Activity: Your task is to return all of the records exactly, minus any images.

----- Exercise data -----

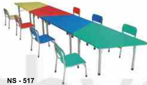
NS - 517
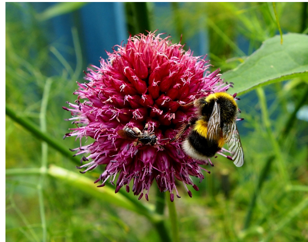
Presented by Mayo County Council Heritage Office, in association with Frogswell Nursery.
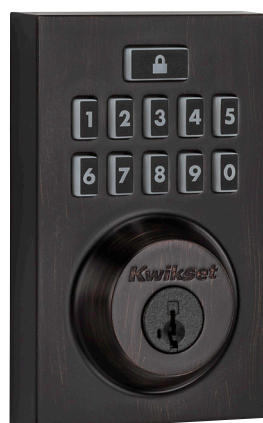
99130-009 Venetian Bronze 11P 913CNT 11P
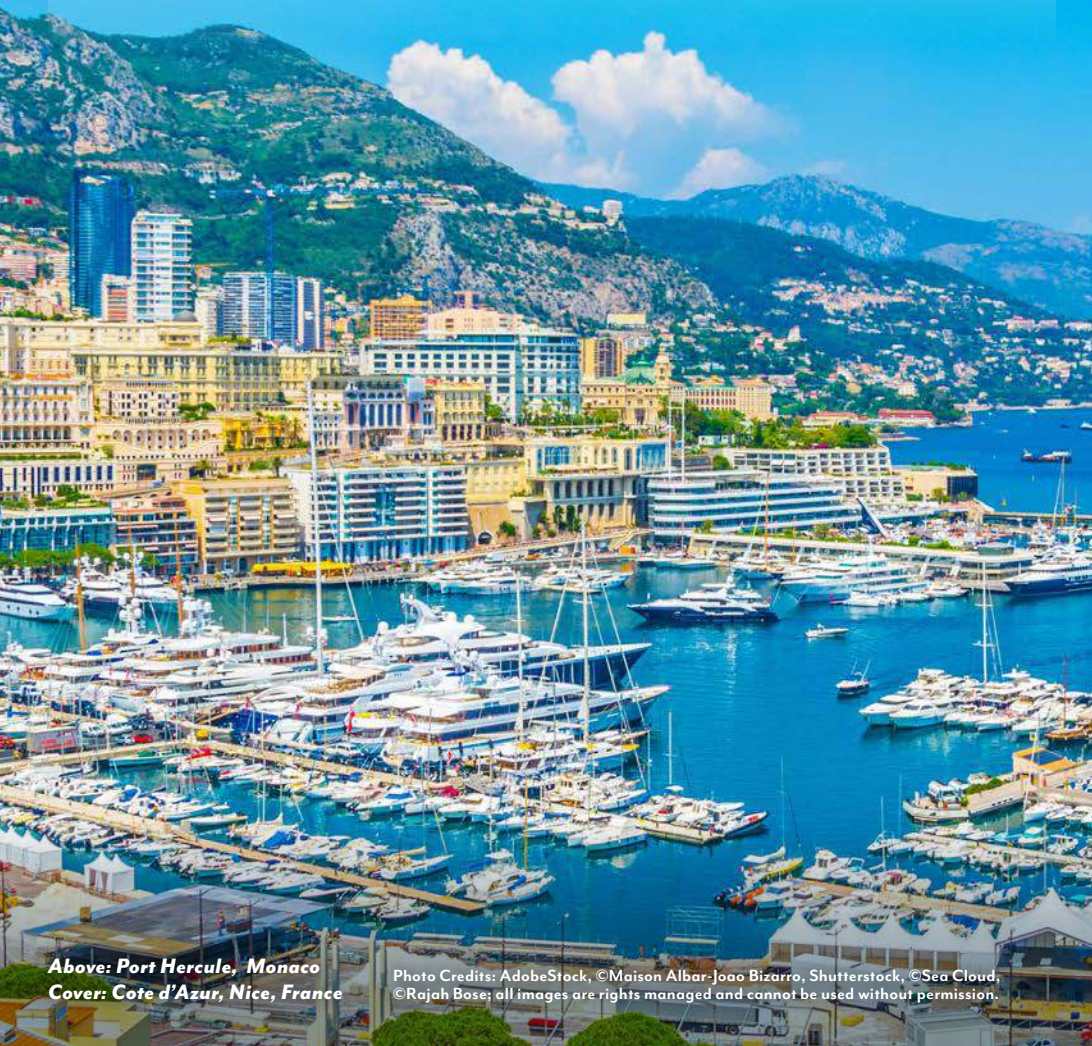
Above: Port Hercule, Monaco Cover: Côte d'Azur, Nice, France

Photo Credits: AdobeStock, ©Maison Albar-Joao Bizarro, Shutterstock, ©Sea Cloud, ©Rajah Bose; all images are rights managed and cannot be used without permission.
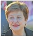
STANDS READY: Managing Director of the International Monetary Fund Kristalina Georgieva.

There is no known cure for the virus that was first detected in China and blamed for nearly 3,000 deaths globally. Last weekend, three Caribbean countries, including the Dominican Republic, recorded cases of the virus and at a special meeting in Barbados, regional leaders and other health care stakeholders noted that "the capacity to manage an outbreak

-----

Task result:
NS - 517
Presented by Mayo County Council Heritage Office, in association with Frogswell Nursery.
99130-009 Venetian Bronze 11P 913CNT 11P
Above: Port Hercule, Monaco Cover: Côte d'Azur, Nice, France

Photo Credits: AdobeStock, ©Maison Albar-Joao Bizarro, Shutterstock, ©Sea Cloud, ©Rajah Bose; all images are rights managed and cannot be used without permission.
STANDS READY: Managing Director of the International Monetary Fund Kristalina Georgieva.

There is no known cure for the virus that was first detected in China and blamed for nearly 3,000 deaths globally. Last weekend, three Caribbean countries, including the Dominican Republic, recorded cases of the virus and at a special meeting in Barbados, regional leaders and other health care stakeholders noted that "the capacity to manage an outbreak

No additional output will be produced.